══ Given data

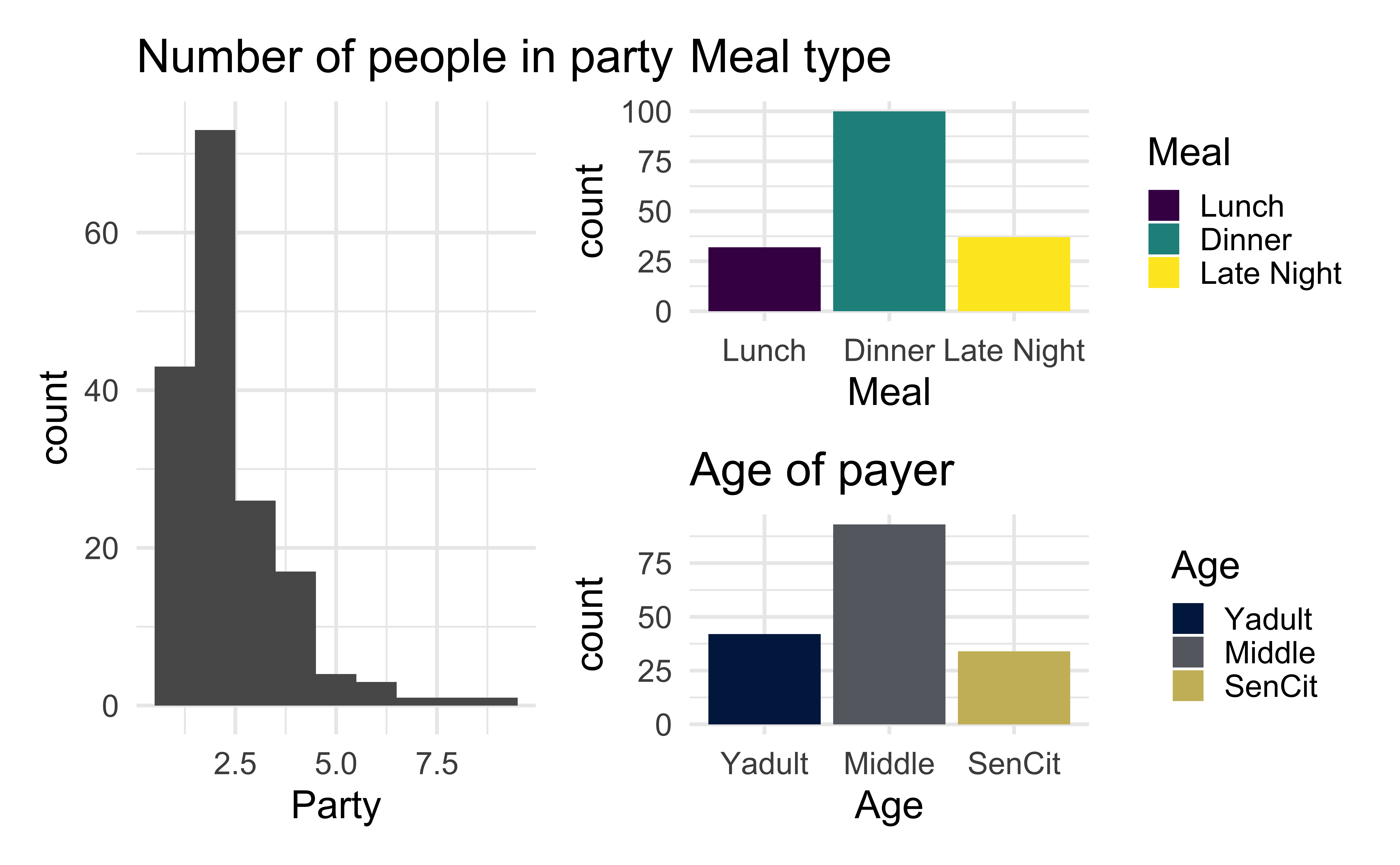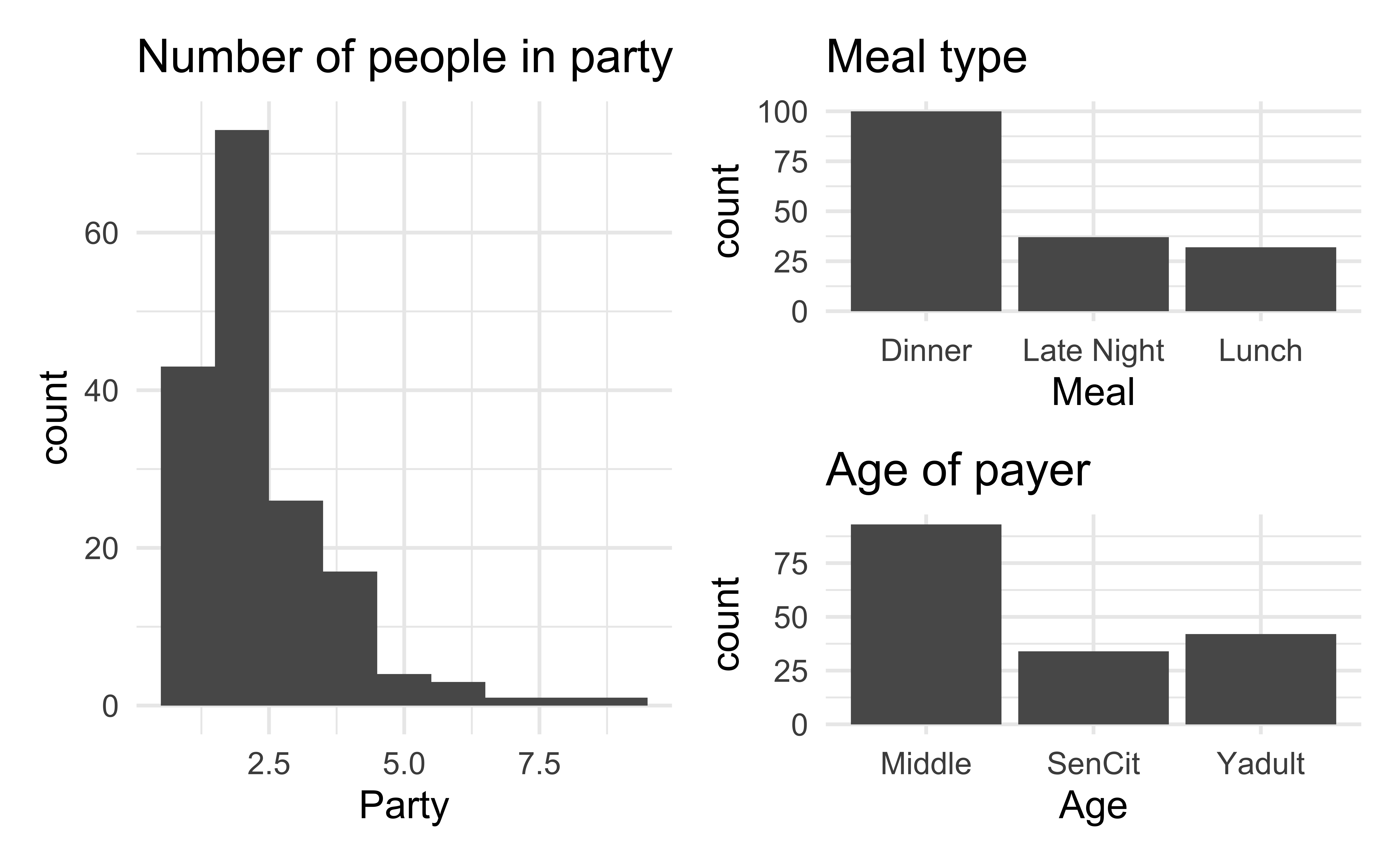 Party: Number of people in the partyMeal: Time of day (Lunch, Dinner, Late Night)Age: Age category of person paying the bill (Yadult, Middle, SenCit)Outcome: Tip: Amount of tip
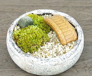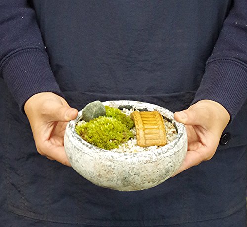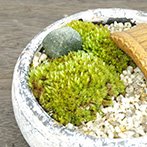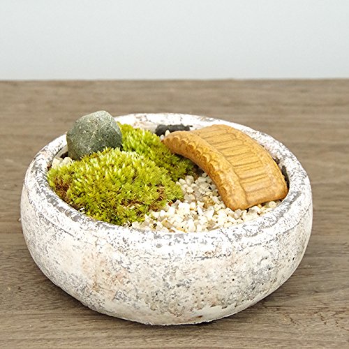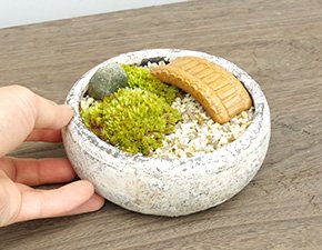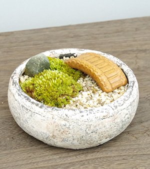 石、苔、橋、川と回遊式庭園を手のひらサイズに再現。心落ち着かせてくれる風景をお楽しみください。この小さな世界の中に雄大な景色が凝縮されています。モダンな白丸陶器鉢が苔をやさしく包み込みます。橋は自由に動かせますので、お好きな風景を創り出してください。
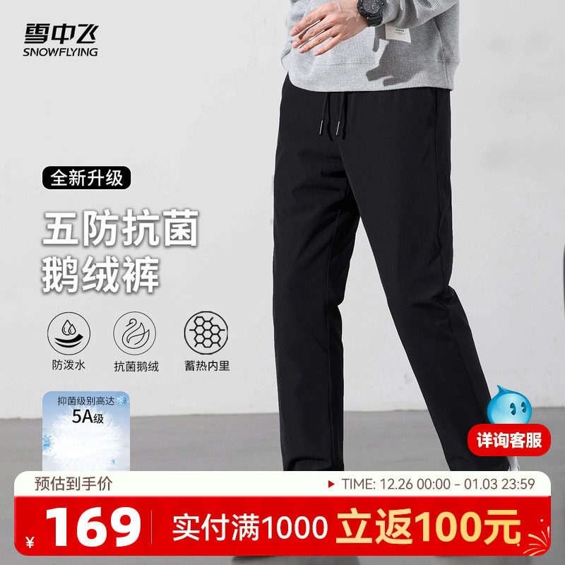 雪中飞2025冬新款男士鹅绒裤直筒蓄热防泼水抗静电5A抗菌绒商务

════

Set down the material above exactly. Skip any picture.

== Finished exercise ==
 Party: Number of people in the partyMeal: Time of day (Lunch, Dinner, Late Night)Age: Age category of person paying the bill (Yadult, Middle, SenCit)Outcome: Tip: Amount of tip
 石、苔、橋、川と回遊式庭園を手のひらサイズに再現。心落ち着かせてくれる風景をお楽しみください。この小さな世界の中に雄大な景色が凝縮されています。モダンな白丸陶器鉢が苔をやさしく包み込みます。橋は自由に動かせますので、お好きな風景を創り出してください。
 雪中飞2025冬新款男士鹅绒裤直筒蓄热防泼水抗静电5A抗菌绒商务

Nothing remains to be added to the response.